Karena ditempatkan sebagai yang tak memiliki hak untuk berkisah, kaum yang patah telah dibungkam untuk tidak memiliki andil dalam membangun dan merumuskan sejarah. Pembungkaman dan peminggiran, yang ujung-ujungnya seringkali merupakan proses pemiskinan, sebenarnya merupakan bagian integral dari tindak ketidakadilan. Berhadapan dengan hal ini, semua agama dan religiositas memiliki sikap dan penentangan yang tegas. Tantangan agama-agama dan religiositas di Indonesia adalah membebaskan para pemeluknya dari ketidakadilan ini.

Dalam perspektif teologi kristiani, realitas penderitaan dan ketersingkiran kaum patah yang tak punya hak untuk berkisah, adalah tempat paling keramat bagi kehadiran Allah. Tantangan teologi kristiani yang paling nyata di sini adalah bagaimana memaknai kehadiran Allah yang peduli kepada sejarah dan berempati kepada kaum patah yang terbungkam untuk berkisah. Teologi kristiani diundang untuk menemukan wajah Allah yang tersembunyi di tempat keramat ini dan mempertanggungjawabkannya sebagai wujud nyata iman dalam praksis hidup sehari-hari.

Salah satu gambar Allah dalam teologi kristiani adalah Allah yang menyejarah. Ia berempati kepada kaum yang terbelenggu dan susah, serta berpihak kepada mereka yang berjerih payah memerdekakan diri membangun kisah dan membentuk sejarah sebagai umat perjanjian Allah. Allah yang menyejarah dengan demikian adalah Allah yang terus-menerus terlibat membangun kisah.

Mantra vs Kisah
Mantra-mantra dalam sejarah yang telah membungkam para korban tragedi manusia tahun 1965 adalah mantra-mantra yang membelenggu pikiran dan mematikan kemanusiaan. Mantra-mantra itu menyihir kesadaran sehingga tak lagi memiliki kejernihan untuk memandang kemanusiaan. Kesadaran yang telah tersihir tak lagi punya kemampuan untuk mengambil pilihan.

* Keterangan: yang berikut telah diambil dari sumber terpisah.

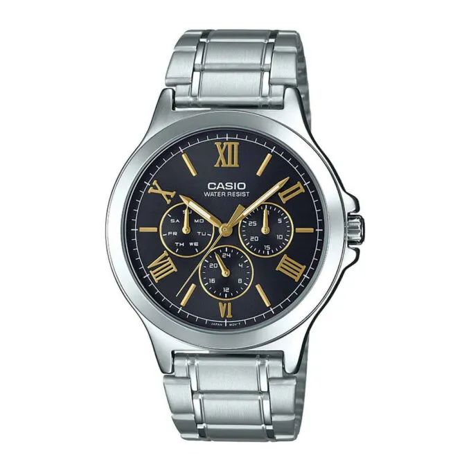 Casio Collection MTP-V300D-1A2UDF — элегантные часы с круглым стальным корпусом и минеральным стеклом, которые отображают время в форматах 12 и 24 часа. Также предусмотрены отдельные циферблаты для даты и дня недели. Комбинация штриховых и римских меток придает модели изысканный вид. Заводная головка защищена от повреждений. Батарейки хватит на 3 года работы. Заявленной влагозащиты хватит для мытья рук, поэтому в бассейн их лучше не брать. Финальный штрих — прочный браслет с тройной раскладывающейся застёжкой для максимального комфорта.

Sebaliknya, kisah adalah untaian kesadaran. Membangun sebuah kisah adalah proses menyusun beragam kesadaran tentang segala sesuatu dalam untaian yang membawa pemahaman sekaligus keindahan. Menyusun kisah adalah langkah membebaskan pikiran dari aneka macam belenggu . Dengan berkisah, pikiran orang tidak lagi menjadi patah dan terbelenggu, melainkan sebaliknya, pikiran itu justru mematahkan semua yang menjadi belenggu.

Pengharapan sekaligus Pembebasan
Empati dan keberpihakan kepada kaum yang patah, adalah salah satu wujud nyata dari sikap dasar preferential option for the poor yang pada gilirannya menjadikan teologi kristiani sebagai experiencial theology yang dibangun dari, oleh, bersama dan bagi pengalaman kaum patah. Dalam bingkai ini, teologi kisah bukanlah sebuah teologi kristiani yang secara politik bersifat netral, melainkan sebuah teologi yang jelas-jelas berpihak kepada kaum patah yang kehilangan hak untuk berkisah. Kenyataan peminggiran kaum patah oleh mantra-mantra sejarah, tidak menyediakan pilihan bagi teologi untuk bersifat netral, karena dalam realitas semacam itu, netralitas teologi kristiani hanya akan membawanya menjadi alat peneguh peminggiran, penindasan dan menjadi karib bagi kaum status quo yang selalu setia menjaga mantra (John Bowden,2005).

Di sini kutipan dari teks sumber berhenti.